Data supplied —
= = = =

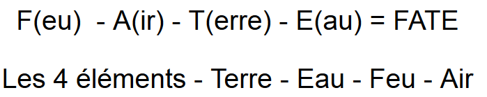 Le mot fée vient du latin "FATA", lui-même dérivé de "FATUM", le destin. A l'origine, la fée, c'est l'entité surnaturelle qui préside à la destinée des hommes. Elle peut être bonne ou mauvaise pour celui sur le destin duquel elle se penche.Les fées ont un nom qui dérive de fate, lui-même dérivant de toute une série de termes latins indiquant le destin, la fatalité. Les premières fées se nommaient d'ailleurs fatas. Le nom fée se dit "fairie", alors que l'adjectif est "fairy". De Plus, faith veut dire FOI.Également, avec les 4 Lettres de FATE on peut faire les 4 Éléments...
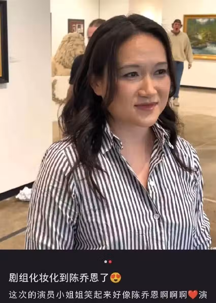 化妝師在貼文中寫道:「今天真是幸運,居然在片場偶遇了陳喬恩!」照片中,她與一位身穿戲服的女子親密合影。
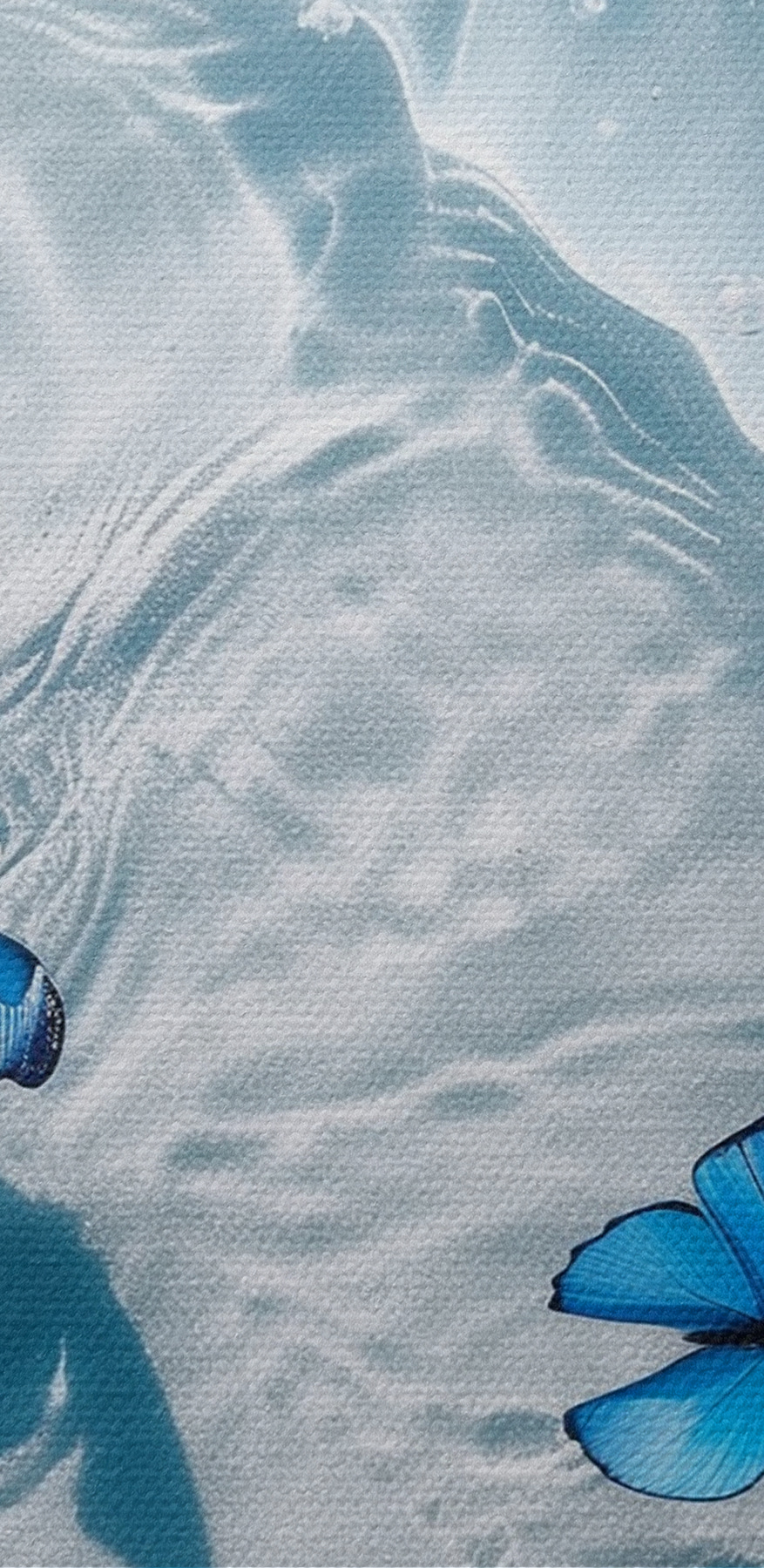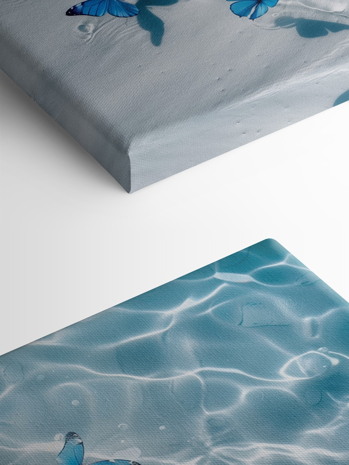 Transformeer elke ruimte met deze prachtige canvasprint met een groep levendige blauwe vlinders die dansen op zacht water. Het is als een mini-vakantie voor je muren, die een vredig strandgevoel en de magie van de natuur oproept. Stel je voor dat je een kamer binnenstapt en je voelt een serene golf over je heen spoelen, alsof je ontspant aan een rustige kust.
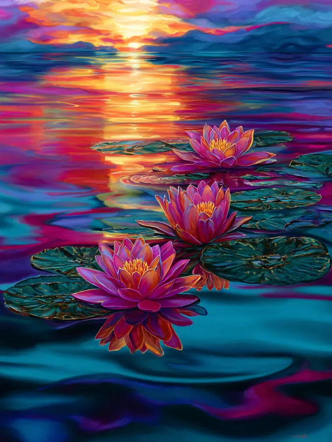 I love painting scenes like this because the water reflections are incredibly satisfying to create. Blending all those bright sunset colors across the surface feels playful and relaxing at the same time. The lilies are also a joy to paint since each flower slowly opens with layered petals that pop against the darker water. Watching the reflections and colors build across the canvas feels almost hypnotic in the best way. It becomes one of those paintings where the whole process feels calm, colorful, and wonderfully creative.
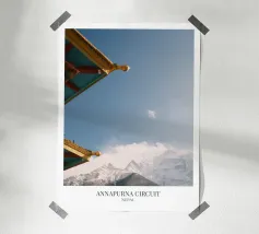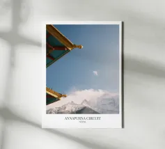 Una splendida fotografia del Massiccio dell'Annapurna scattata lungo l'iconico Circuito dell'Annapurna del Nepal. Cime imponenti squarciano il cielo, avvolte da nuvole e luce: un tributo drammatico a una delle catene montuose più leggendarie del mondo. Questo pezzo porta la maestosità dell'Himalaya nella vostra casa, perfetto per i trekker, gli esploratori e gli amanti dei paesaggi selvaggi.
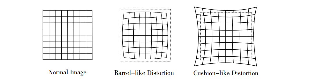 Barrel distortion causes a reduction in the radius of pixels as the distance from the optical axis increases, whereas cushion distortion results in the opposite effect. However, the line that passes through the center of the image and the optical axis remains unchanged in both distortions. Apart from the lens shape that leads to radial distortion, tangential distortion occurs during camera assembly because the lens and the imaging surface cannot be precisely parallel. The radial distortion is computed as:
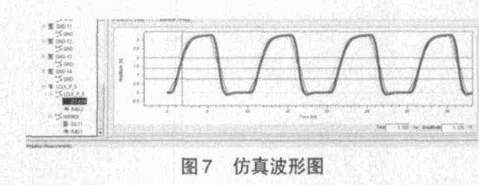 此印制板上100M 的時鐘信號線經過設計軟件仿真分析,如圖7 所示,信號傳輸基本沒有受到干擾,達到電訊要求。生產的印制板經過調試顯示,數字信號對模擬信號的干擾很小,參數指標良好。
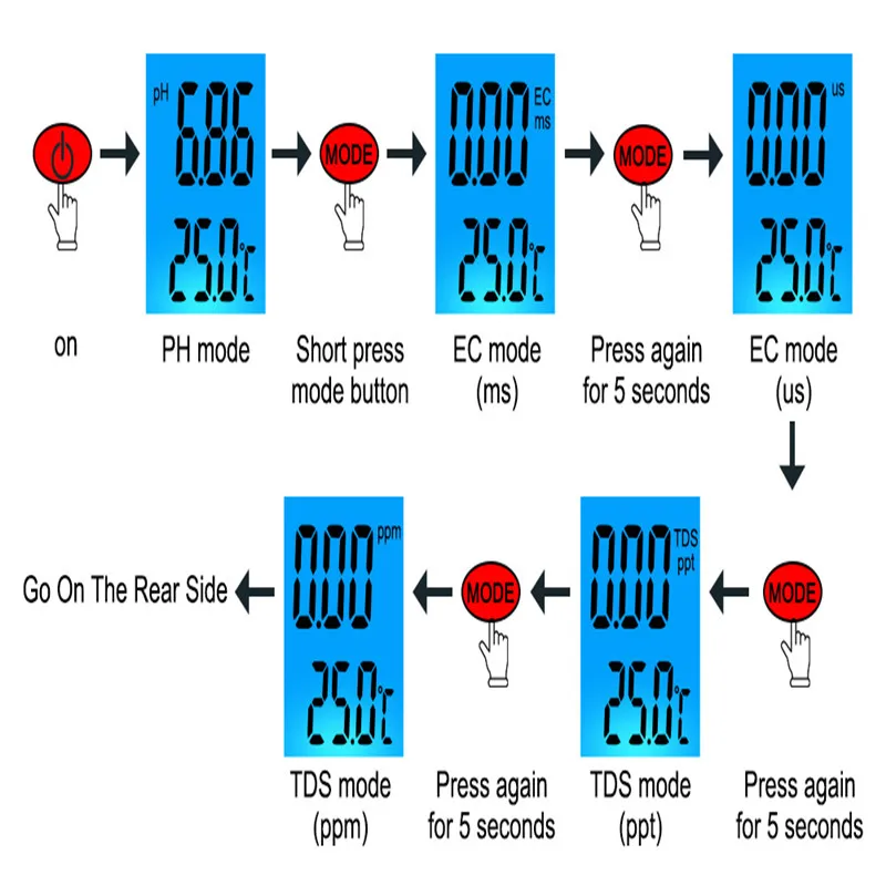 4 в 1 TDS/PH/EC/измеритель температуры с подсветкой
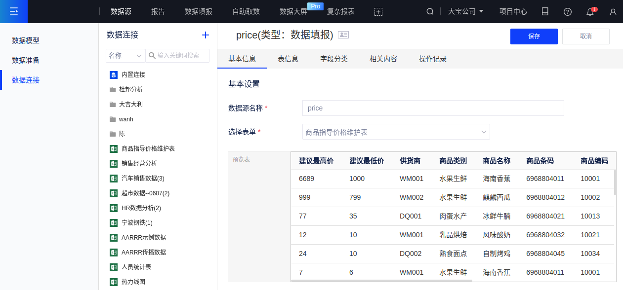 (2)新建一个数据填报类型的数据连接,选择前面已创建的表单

= = = =

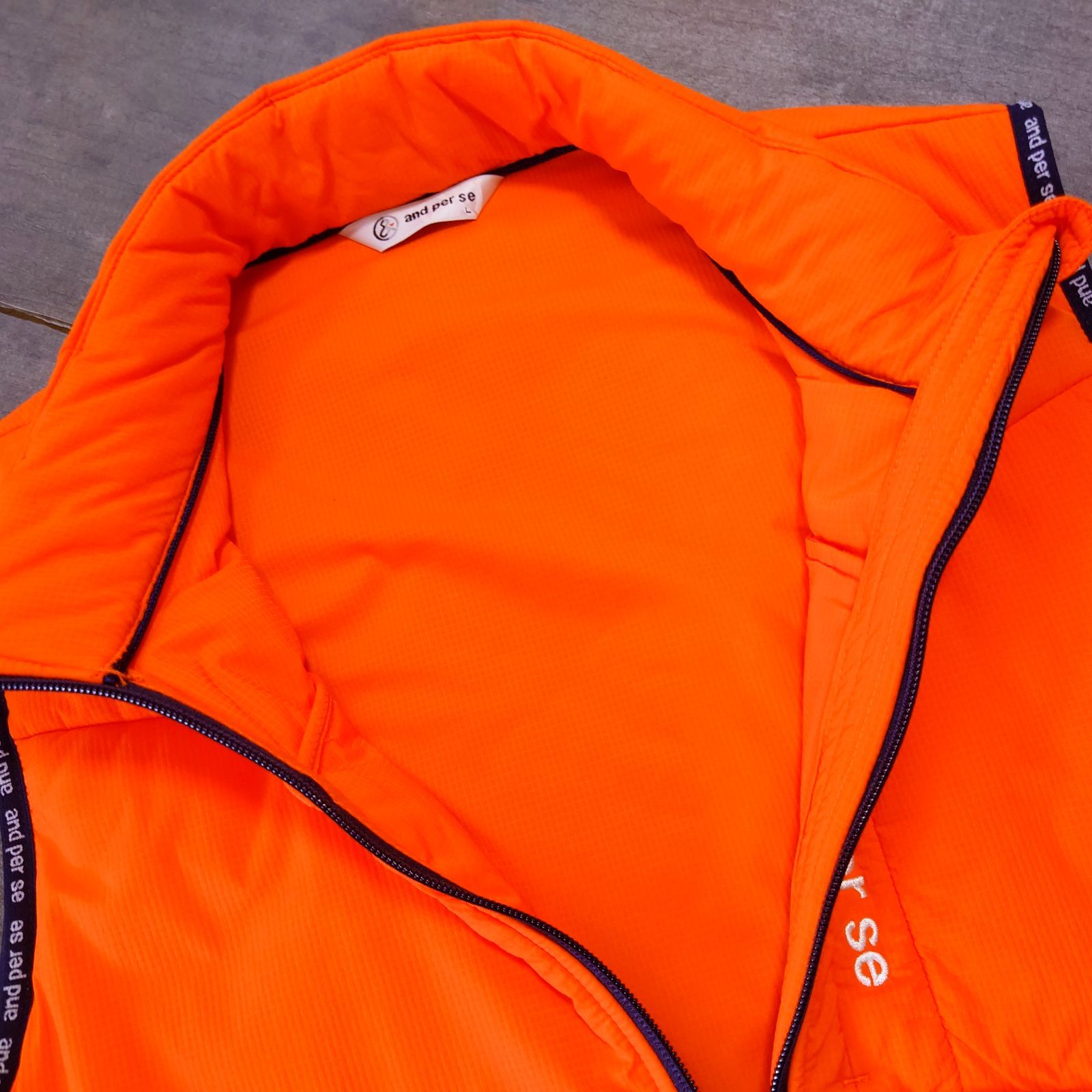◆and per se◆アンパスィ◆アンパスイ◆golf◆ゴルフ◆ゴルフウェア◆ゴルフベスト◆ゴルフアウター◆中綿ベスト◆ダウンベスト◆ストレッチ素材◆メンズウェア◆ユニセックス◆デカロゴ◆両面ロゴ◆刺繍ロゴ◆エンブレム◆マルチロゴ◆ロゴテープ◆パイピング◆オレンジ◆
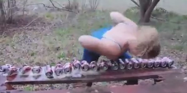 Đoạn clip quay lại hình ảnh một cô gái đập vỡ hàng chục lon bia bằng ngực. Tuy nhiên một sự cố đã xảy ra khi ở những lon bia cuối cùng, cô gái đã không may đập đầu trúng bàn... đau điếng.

= = = =

The problem —
Above are some entries. Restate word for word the lines from the one holding "Le mot fée vient" through the one holding "化妝師在貼文中寫道:「今天真", but not the pictures.

Answer for this exercise —
 Le mot fée vient du latin "FATA", lui-même dérivé de "FATUM", le destin. A l'origine, la fée, c'est l'entité surnaturelle qui préside à la destinée des hommes. Elle peut être bonne ou mauvaise pour celui sur le destin duquel elle se penche.Les fées ont un nom qui dérive de fate, lui-même dérivant de toute une série de termes latins indiquant le destin, la fatalité. Les premières fées se nommaient d'ailleurs fatas. Le nom fée se dit "fairie", alors que l'adjectif est "fairy". De Plus, faith veut dire FOI.Également, avec les 4 Lettres de FATE on peut faire les 4 Éléments...
 化妝師在貼文中寫道:「今天真是幸運,居然在片場偶遇了陳喬恩!」照片中,她與一位身穿戲服的女子親密合影。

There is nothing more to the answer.